All the very best of luck with the Midget - now the snow's gone I look forward to regular updates - go for it :thumbup: :thumbup: :thumbup:


----------



## johnbaz (Jan 30, 2005)

hello paul (hope you're well  )

i had a look at your ss-1.... bloody lovely B) B)

i always wanted a schimiter gte 'when i was older'  but didn't get one 

it was your project that made me post this one, i was enthralled in you rebuild, swapping out the power plant as you have would have been a little to intimidating for me (read, i'm a whimp :lol: )

john


----------



## pauluspaolo (Feb 24, 2003)

How about meeting up at Meadowhall when our respective vehicles are sorted (though I doubt that mine will ever actually be "finished")?? You're only in Sheffield so hopefully the SS1 will be able to make it that far!! I'll bring some watches just to keep it on topic  !!

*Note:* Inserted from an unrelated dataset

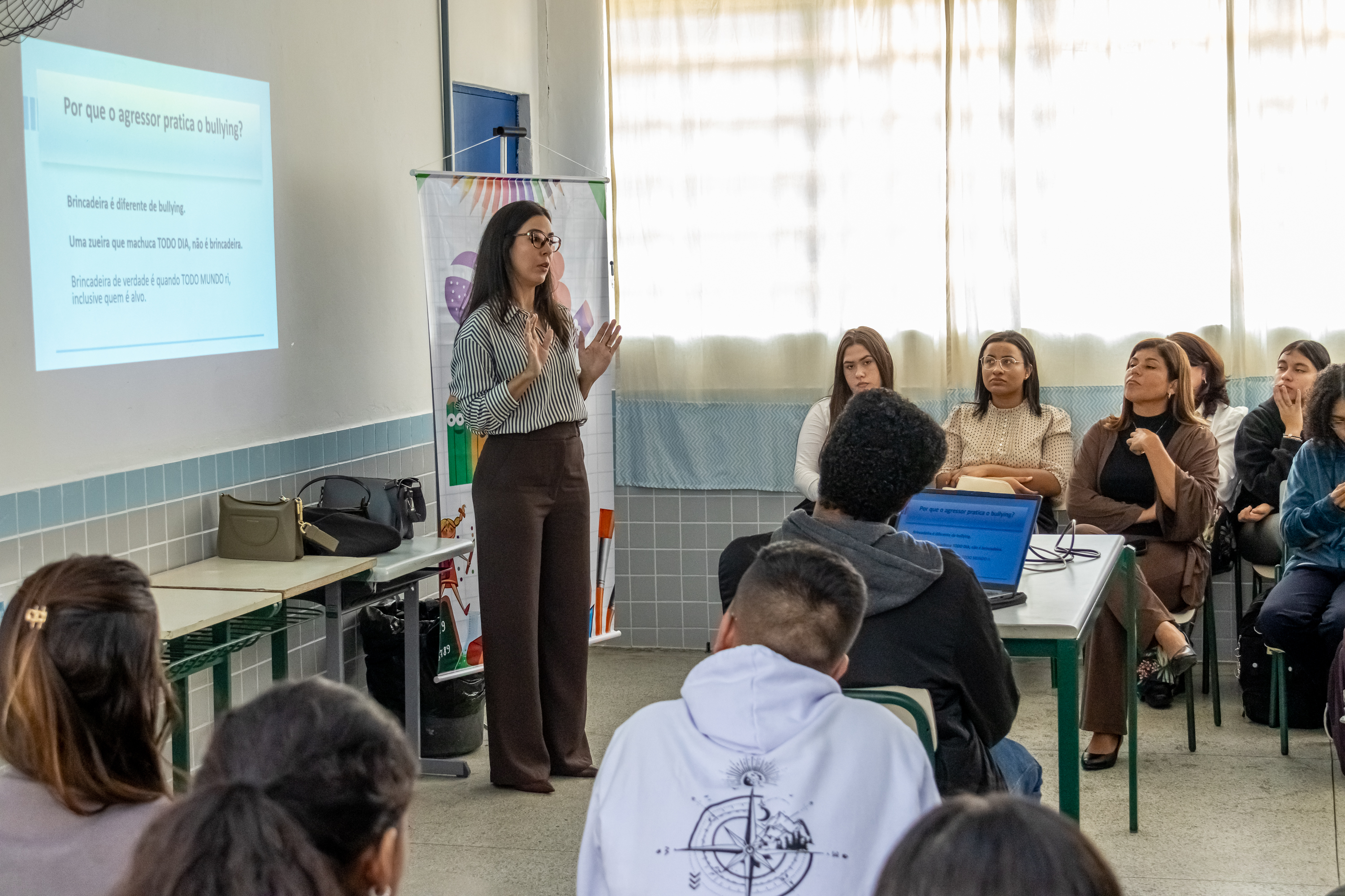Durante o encontro, os estudantes participaram de uma palestra sobre bullying, cyberbullying e funcionamento dos Poderes e das instituições públicas, ministrado pela advogada Kamilla Assunção e o juiz Vitor Hugo Aquino de Oliveira, sendo apresentados os conceitos e consequências destas práticas.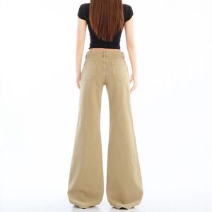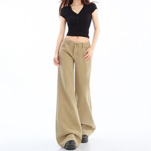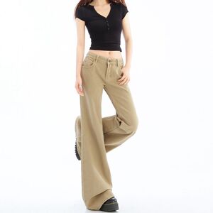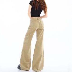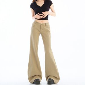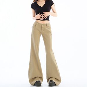 卡其色微喇牛仔裤女春秋百搭美式复古高腰不贴腿拖地直筒喇叭裤子

The Zetec isn't in yet but it's a development of the CVH (that's currently in the car) & I'm reliably informed that it'll fit the gearbox without any significant problems. I've no idea though what other problems I'll encounter along the way though & I can see the car being off the road for ages again  It'll be worth it in the end though


----------



## johnbaz (Jan 30, 2005)

pauluspaolo said:


> How about meeting up at Meadowhall when our respective vehicles are sorted (though I doubt that mine will ever actually be "finished")?? You're only in Sheffield so hopefully the SS1 will be able to make it that far!! I'll bring some watches just to keep it on topic  !!
> 
> The Zetec isn't in yet but it's a development of the CVH (that's currently in the car) & I'm reliably informed that it'll fit the gearbox without any significant problems. I've no idea though what other problems I'll encounter along the way though & I can see the car being off the road for ages again  It'll be worth it in the end though


yup- i'm up for it paul, apparently there's a classic car club somewhere around there, hope they don't get wind of it or meadowhall staff will be peed off 

john


----------



## JoT (Aug 12, 2003)

Keep the posts coming John :yes: I think in many ways the MG Midget has more character than the MGB


----------



## Guest (Feb 23, 2009)

johnbaz said:


> pauluspaolo said:
> 
> 
> > How about meeting up at Meadowhall when our respective vehicles are sorted (though I doubt that mine will ever actually be "finished")?? You're only in Sheffield so hopefully the SS1 will be able to make it that far!! I'll bring some watches just to keep it on topic  !!
> ...


Nice one John-- that keep you out mischief :lol: :lol:


----------



## Robert (Jul 26, 2006)

I have a soft spot for midgets. Mine was OGG952P in an orangey red - maybe called flamenco red. I never learned to weld - had a friend do that. I was good at dismantling - not so good at reassembling though. 

Looking forward to seeing this develop.


----------



## pg tips (May 16, 2003)

Great post John, I nealy bought a midgit as my 1st car. I wonder how different my life would have been if I had :huh:


----------



## Guest (Feb 23, 2009)

After you've sorted the bodywork and enjoyed it for a year or 2, you could always slap a Rotary engine in it, and you'll be looking at a sub 5 second 0-60mph. There are loads of old rusty RX7's going cheap.

http://www.britishv8.org/MG/BrianKraus.htm

http://www.geocities.com/mg12a/mg12a/intro.html


----------



## Filterlab (Nov 13, 2008)

Not my kind of car, but I do admire anyone who takes on a restoration project of a classic. Good work, enjoy it!


----------



## catch21 (Feb 9, 2009)

Great project, looking forward to more photos. I've had midget, MGB and MGB GT over the years.


----------



## tonyrsv (Jan 18, 2009)

Looks like your doing a sterling job there, keep up the good work and keep the pics coming.

It'll be a good bit of summer fun when its done.

cheers


----------